→ **YOUR GOAL**:
Copy each line below as written, but skip the pictures.

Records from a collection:
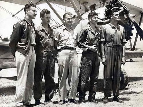 Photo 1 : Bernard Danton - Robert Gilton - Coburn (Moniteur US) - Alphonse Peccini - Pierre Vincent.
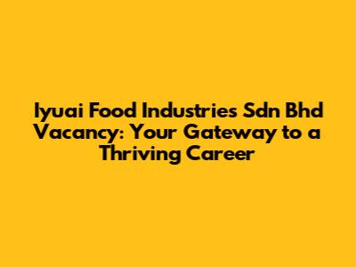Hey everyone! Are you on the hunt for a fantastic job opportunity? Well, look no further! This article is all about Iyuai Food Industries Sdn Bhd vacancy, a company that's making waves in the food industry. We're going to dive deep into what makes Iyuai Food Industries a great place to work, the types of roles they typically offer, and how you can snag one of those coveted positions. So, grab a cup of coffee (or your favorite beverage), sit back, and let's explore the exciting world of career possibilities at Iyuai Food Industries!
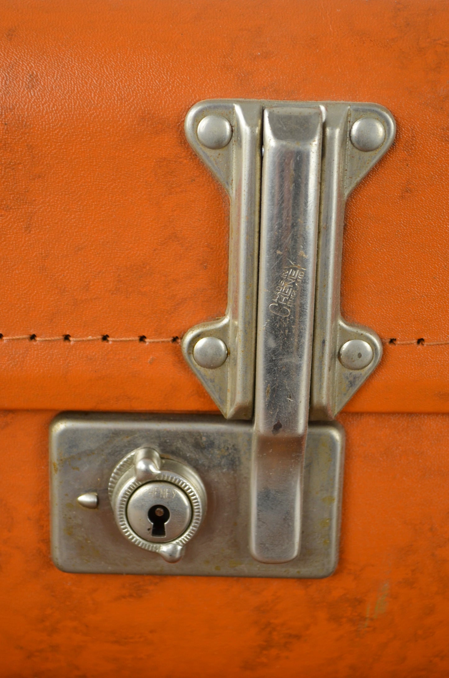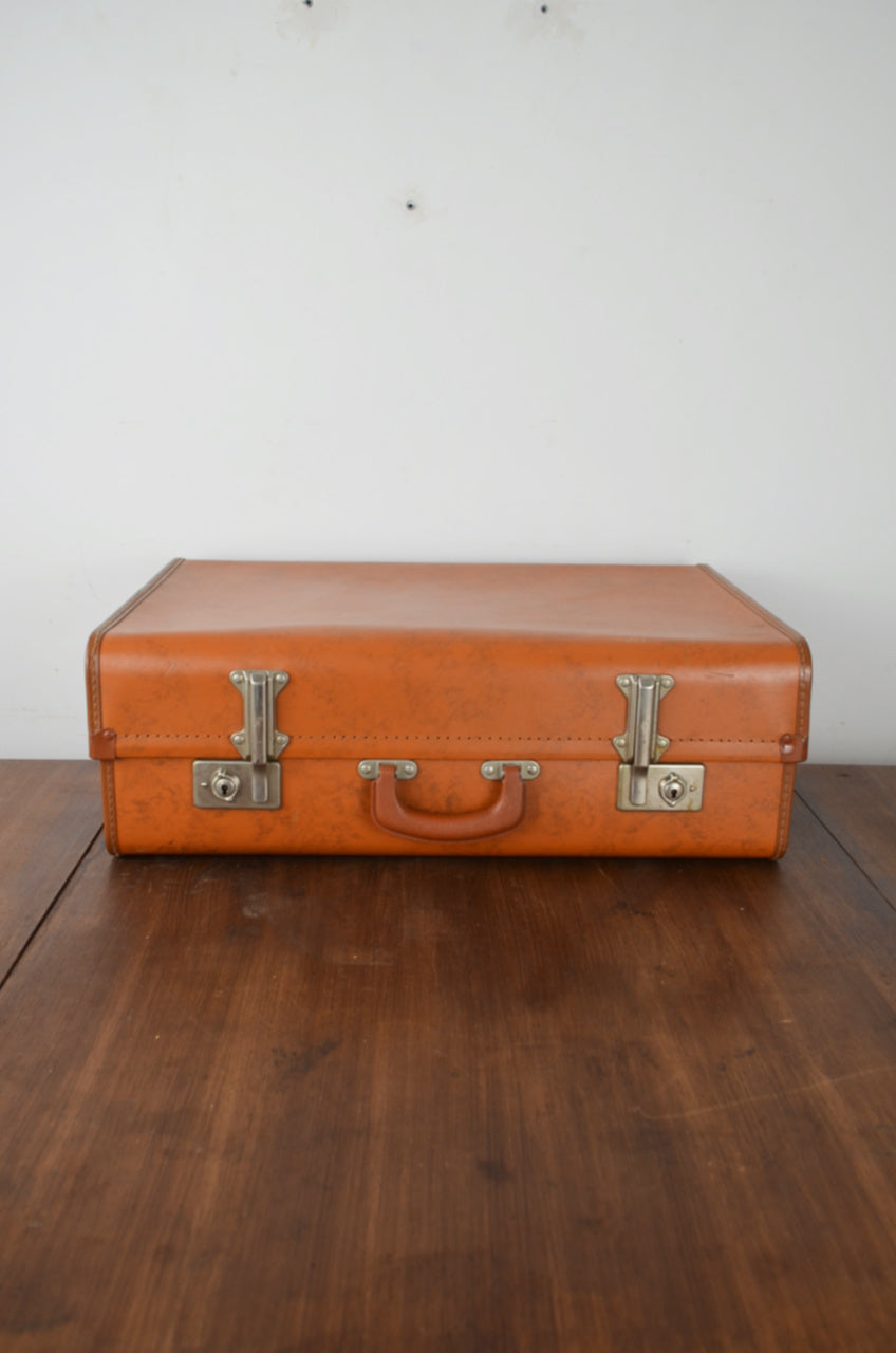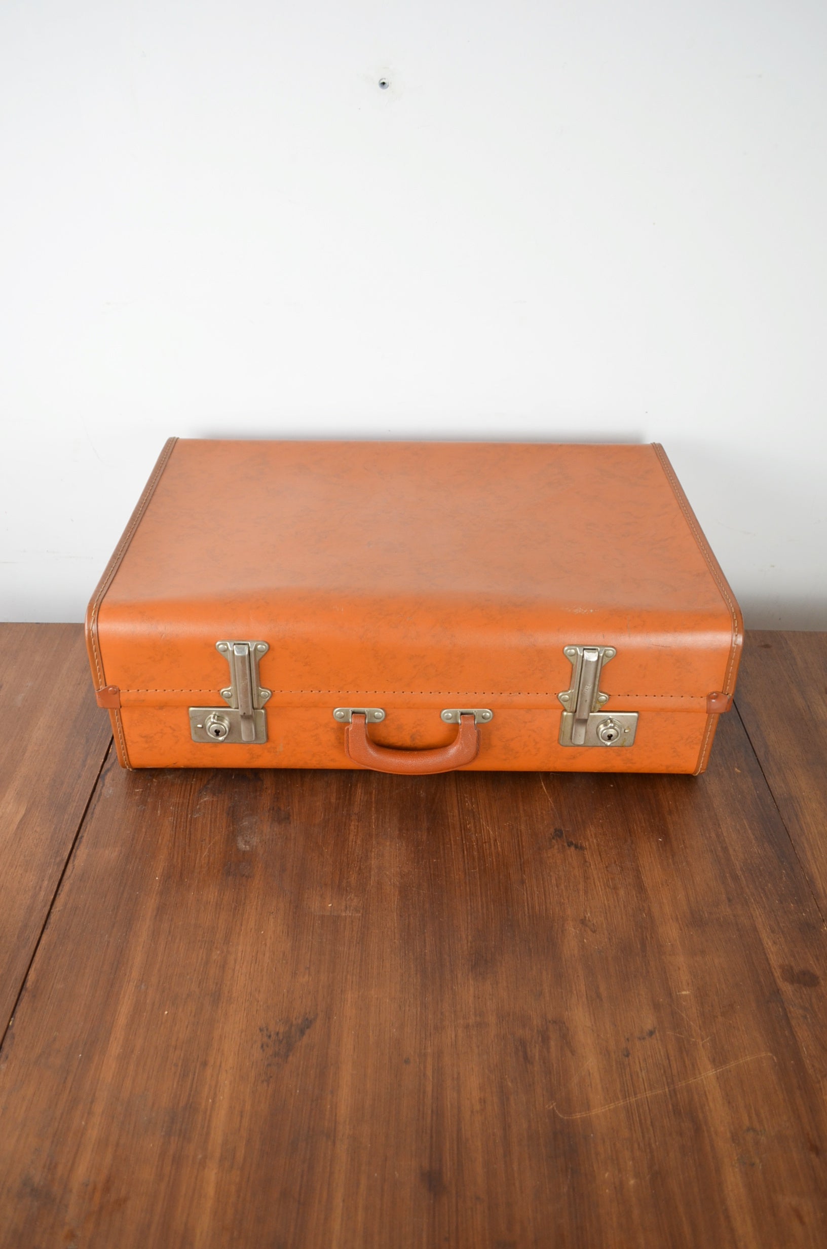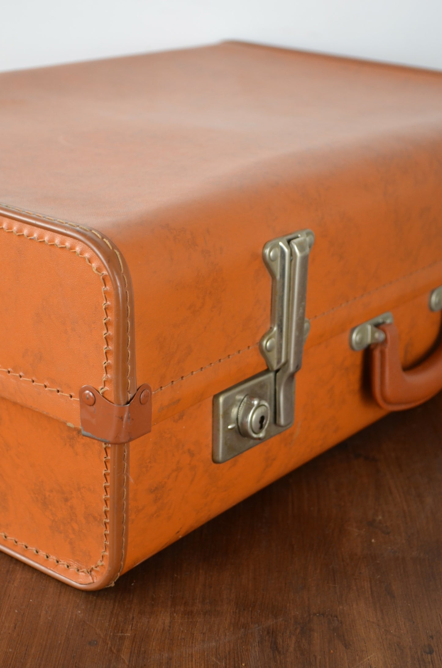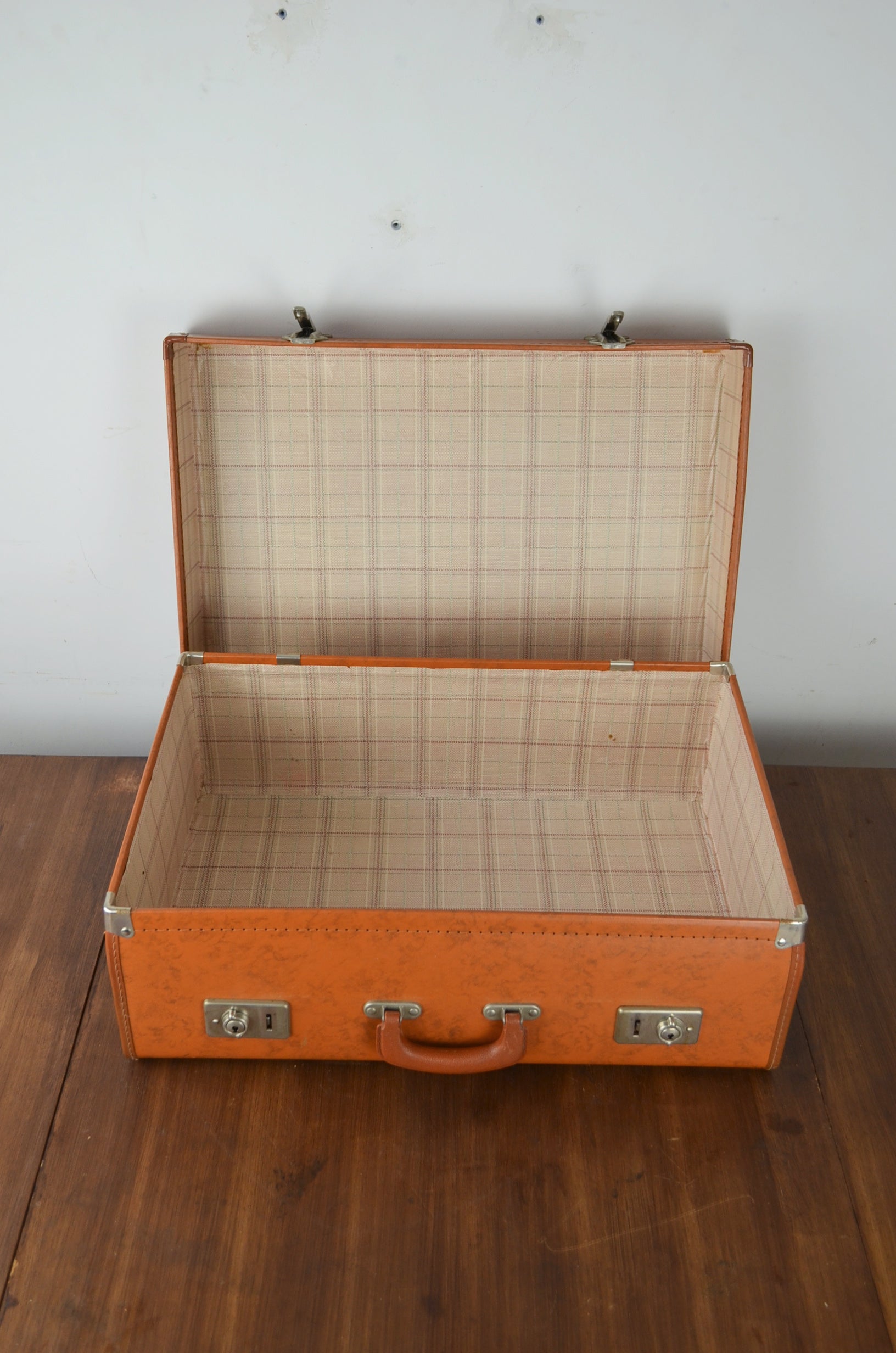 A vintage english, solid, leatherette suitcase with working latches, checkered lining and carry handle. Great for use as an occasional table or storage particularly above a wardrobe.
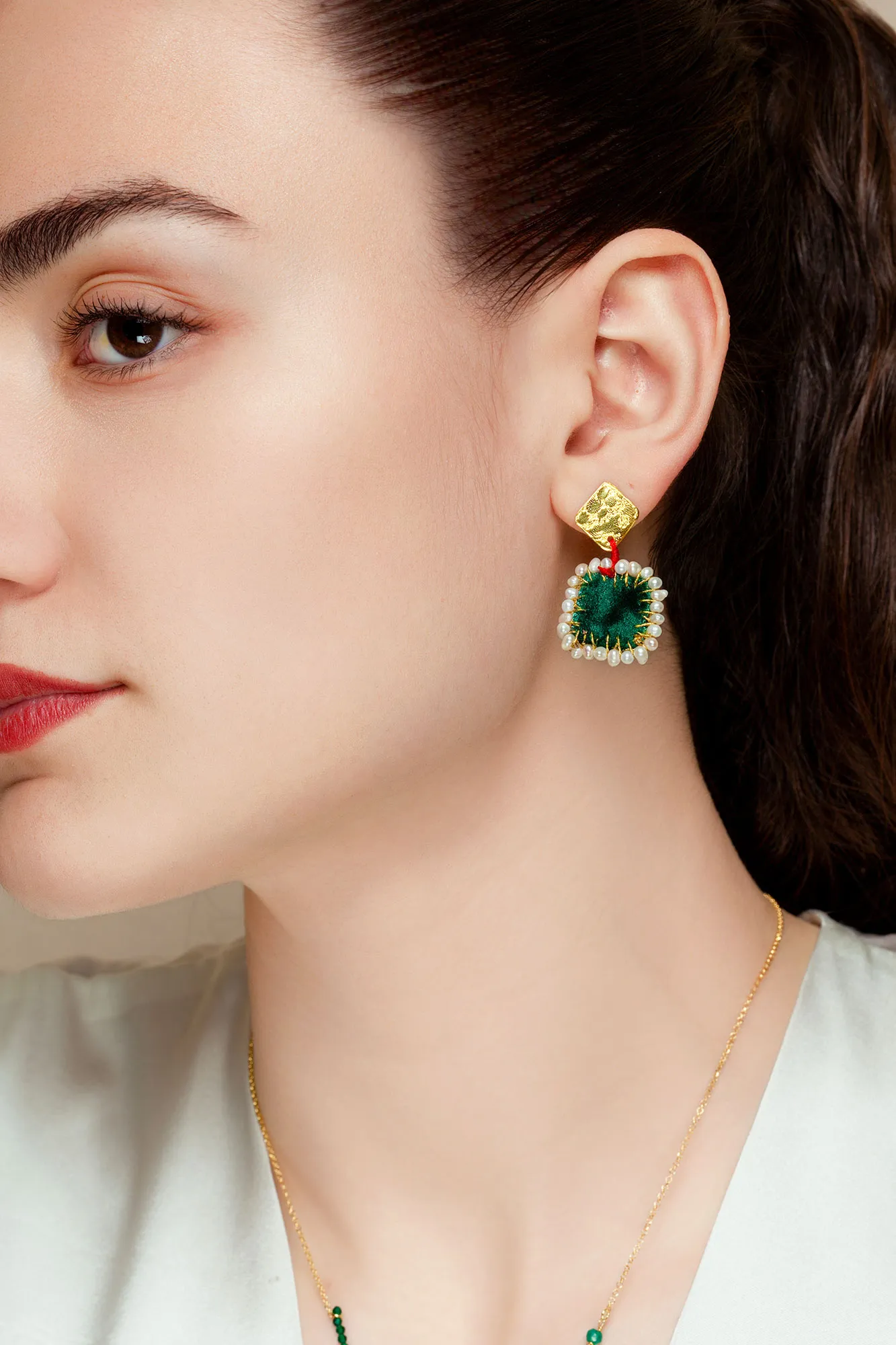 Textured gold plated silver earrings with green velvet and pearls
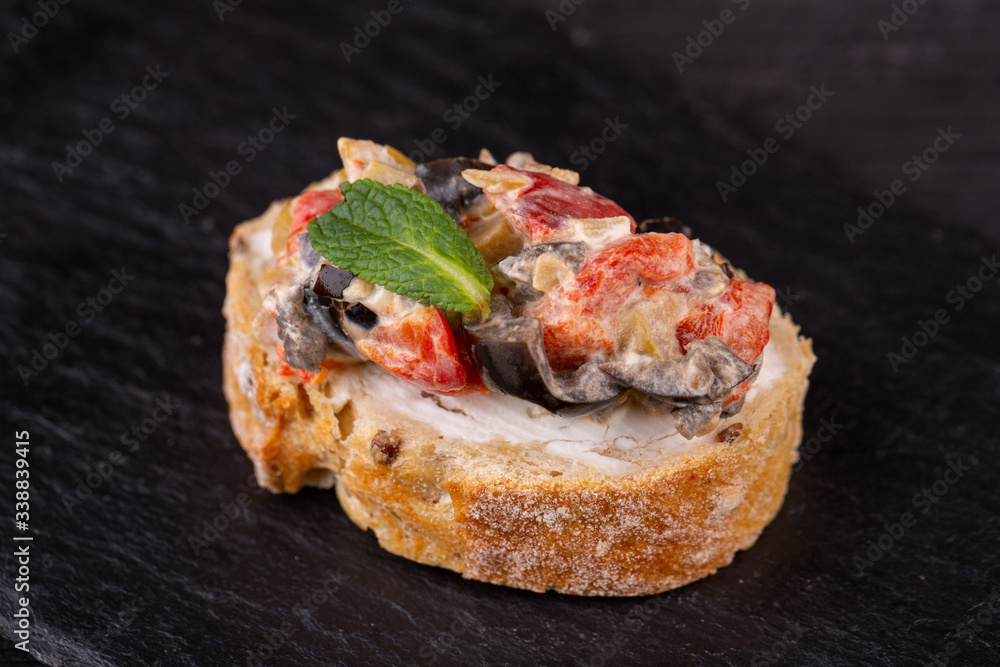 Assorty canape of toast with fish, meat and vegetables on a black background
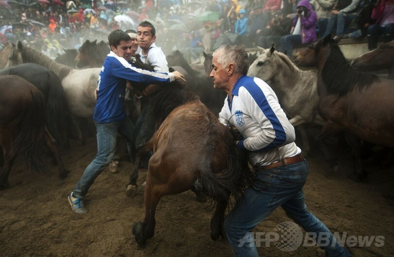 【7月7日 AFP】スペイン北西部サンティアゴデコンポステラ(Santiago de Compostela)から40キロほど離れたサブセド(Sabucedo)村で5日、約400年の歴史を持つ馬の祭り「ラパ・ダス・ベスタス(Rapa Das Bestas、野獣の毛刈りの意)」が行われた。近隣の山林に生息する野生馬数百頭が集められ、囲いに追い込まれると体毛を刈られ、毛づくろいがされた。(c)AFP
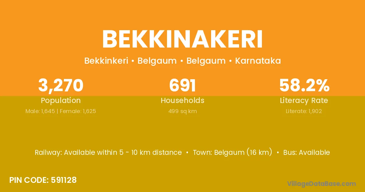 Belgaum (16 km) is the nearest town to Bekkinakeri village for major economic activities and is located approximately 16 km away.

→ **SOLUTION FOR THIS PROBLEM**:
 Photo 1 : Bernard Danton - Robert Gilton - Coburn (Moniteur US) - Alphonse Peccini - Pierre Vincent.
Hey everyone! Are you on the hunt for a fantastic job opportunity? Well, look no further! This article is all about Iyuai Food Industries Sdn Bhd vacancy, a company that's making waves in the food industry. We're going to dive deep into what makes Iyuai Food Industries a great place to work, the types of roles they typically offer, and how you can snag one of those coveted positions. So, grab a cup of coffee (or your favorite beverage), sit back, and let's explore the exciting world of career possibilities at Iyuai Food Industries!
 A vintage english, solid, leatherette suitcase with working latches, checkered lining and carry handle. Great for use as an occasional table or storage particularly above a wardrobe.
 Textured gold plated silver earrings with green velvet and pearls
 Assorty canape of toast with fish, meat and vegetables on a black background
 【7月7日 AFP】スペイン北西部サンティアゴデコンポステラ(Santiago de Compostela)から40キロほど離れたサブセド(Sabucedo)村で5日、約400年の歴史を持つ馬の祭り「ラパ・ダス・ベスタス(Rapa Das Bestas、野獣の毛刈りの意)」が行われた。近隣の山林に生息する野生馬数百頭が集められ、囲いに追い込まれると体毛を刈られ、毛づくろいがされた。(c)AFP
 Belgaum (16 km) is the nearest town to Bekkinakeri village for major economic activities and is located approximately 16 km away.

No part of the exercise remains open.